A complex combination of factors could be responsible for the pediatric hepatitis cases that have been puzzling doctors in recent months, according to two small, new studies.
The studies are based on just a few dozen cases and have not yet been peer-reviewed or published in scientific journals. Still, they suggest that the children who have developed severe, unexplained cases of liver inflammation may have been simultaneously infected with two different viruses, including one known as adeno-associated virus 2 (A.A.V.2), a typically benign virus that requires a second “helper” virus in order to replicate.
Adenoviruses, which have previously been found in many of the children with the mysterious hepatitis reported within the last year, are common helper viruses for A.A.V.2.
Many of the children studied also had a relatively uncommon version of a gene that plays an important role in the immune response, the scientists found.
Together, the findings suggest a possible explanation for the hepatitis cases: In a small subset of children with this particular gene variant, dual infections with A.A.V.2. and a helper virus, often an adenovirus, trigger an abnormal immune response that damages the liver.
Understanding Hepatitis
An inflammation of the liver generally caused by a virus, hepatitis carries a host of complicating factors, side effects and stigma.
Still, the researchers acknowledged that the studies are based on a small number of children in just one region of the world (the United Kingdom) and that a causal link had not been proven.
“There’s a lot that we still don’t know,” said Dr. Antonia Ho, a clinical senior lecturer at the MRC-University of Glasgow Centre for Virus Research and an author of one of the new studies.

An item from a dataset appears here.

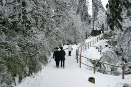 雪不是峨眉山獨(dú)有,但是記者采訪中遇到的不少?gòu)V東人、福建人都是沖著峨眉山的雪而來(lái)。 北方的雪太大,來(lái)得也生猛,一下子將大地整個(gè)兒罩住了。視野內(nèi)白茫茫的一片,缺少了幾分婉約和靈動(dòng)。而南方的雪斯斯文文地飄落,似乎是藏在深閨里的姑娘,尋不見她的蹤影。峨眉山“柔美白雪壓綠樹,剔透冰晶裹紅花”的冰雪奇景,讓北方游客贊嘆。 冰花樹掛、雪凇霧凇,呈現(xiàn)氣勢(shì)磅礴的雪域壯景。在海拔2000米以上,峨眉山已是瓊樓玉宇的雪域世界。千樹萬(wàn)樹的冰晶,千巒萬(wàn)嶂的雪嶺,鋪排出一片冰清玉潔的瓊瑤仙境。尤其是登上金頂鳥瞰,浩瀚純凈的白雪,綿綿群山馱著白雪,直延伸至天際,演變成冰海凍浪,這一切勾畫出了“銀色世界”的絕美之姿。 據(jù)介紹,峨眉山最美的雪景是峨眉十景的“大坪雪霽”。大坪觀雪和金頂大不一樣。金頂觀雪是站在高峰之巔,遙望“岷山千里雪”;而大坪觀雪則是站在群峰環(huán)合的孤峰平臺(tái)之上,環(huán)顧四壁玉峰素裹,更絕的是冰雪林中有時(shí)還散發(fā)出幽蘭和野梅的香氣,偶爾能看到鮮紅的木芙蓉傲雪而放。 除了觀雪景,峨眉山最大的樂(lè)趣還在于滑雪。峨眉山滑雪場(chǎng)在海拔2300米的雷洞坪停車場(chǎng)公路右側(cè),占地15畝,冬季平均氣溫-5°C,積雪期為四個(gè)月。元旦前夕,峨眉山雷洞坪滑雪場(chǎng)的氣溫降到了零下3攝氏度以下,早晚氣溫更低至零下5攝氏度。此外,這里以原始森林為主要的森林覆蓋率達(dá)到95%,自然風(fēng)光旖旎,林區(qū)間分布有多種類型植被。獨(dú)特的氣候條件,加之該處地段角度平緩開闊,為滑雪提供了得天獨(dú)厚的氣候與地形條件。在這里,您可以縱情地打雪仗、堆雪人,乘狗拉雪橇,駕雪地飛碟在滑道中一瀉而下直沖300多米的坡底。還可以踏著滑雪板穿行在森林中,體驗(yàn)激情四溢的高山滑雪。

But, she added: “We felt — because there’s been very little in the way of answers of what are the causes — that we needed to release these findings so that other people can start looking for A.A.V.2. and investigate this in more detail.”
The findings are intriguing but preliminary, said Dr. Saul Karpen, a pediatric hepatologist at Emory University and Children’s Healthcare of Atlanta, who was not involved in the research. “This is not a definitive study,” he said. “Thematically, it certainly can make sense, but there is not full support for it.”
The pediatric hepatitis cases are exceedingly rare but can be severe. As of July 8, 1,010 probable cases had been reported from 35 countries, according to the World Health Organization. Five percent of those children have required liver transplants, and 2 percent have died.
Several early studies have found that many of the children were infected by an adenovirus, one of a group of common viruses that typically cause cold or flulike symptoms. The new studies suggest that if adenoviruses are involved in the hepatitis cases, they may just be part of the story.
In one of the new studies, scientists compared nine Scottish children with unexplained hepatitis to 58 children in control groups. The researchers used genomic sequencing to identify any viruses present in blood, liver and other samples from the children.
The scientists found adeno-associated virus 2 in the blood of all nine affected children and in liver samples from all four of the children from whom such samples were available. They also found an adenovirus in six of the children and a common herpes virus in three.
On the other hand, the researchers did not detect A.A.V.2 in healthy children, in children who had adenovirus infections but normal liver function or in children who had hepatitis with a known cause.
Those findings are consistent with those from a second study, led by researchers in London, which examined samples from 28 children with unexplained hepatitis from across the United Kingdom. That scientific team also found high levels of A.A.V.2 in the blood and livers of many of the children. Many also had low levels of an adenovirus or herpes virus in their samples.
The Scottish researchers also found that eight of the nine affected children, or 89 percent, shared a relatively uncommon variant of a gene that codes for a critical protein in the body’s immune response. This particular variant is present in just 16 percent of Scottish blood donors.
The London team found the same gene variant in four of the five transplant recipients they assessed.
“Both studies have reached independently, remarkably similar results,” Sofia Morfopoulou, a computational statistician at the Great Ormond Street Institute of Child Health at University College London and an author of the second paper, said in an email.
Although the idea remains preliminary, it is possible that a recent resurgence of the adenovirus after a decline in circulation during the coronavirus pandemic explains why doctors have noticed a sudden spike in these rare cases, the scientists said.
“Perhaps some of these infections that might have occurred in a more spaced out way, over a couple of years,” are instead occurring all at once, said Dr. Emma Thomson, an infectious diseases physician at the Centre for Virus Research and a senior author of the Scottish study.
Additional, larger studies are still needed, particularly focusing on children in other countries, the researchers said.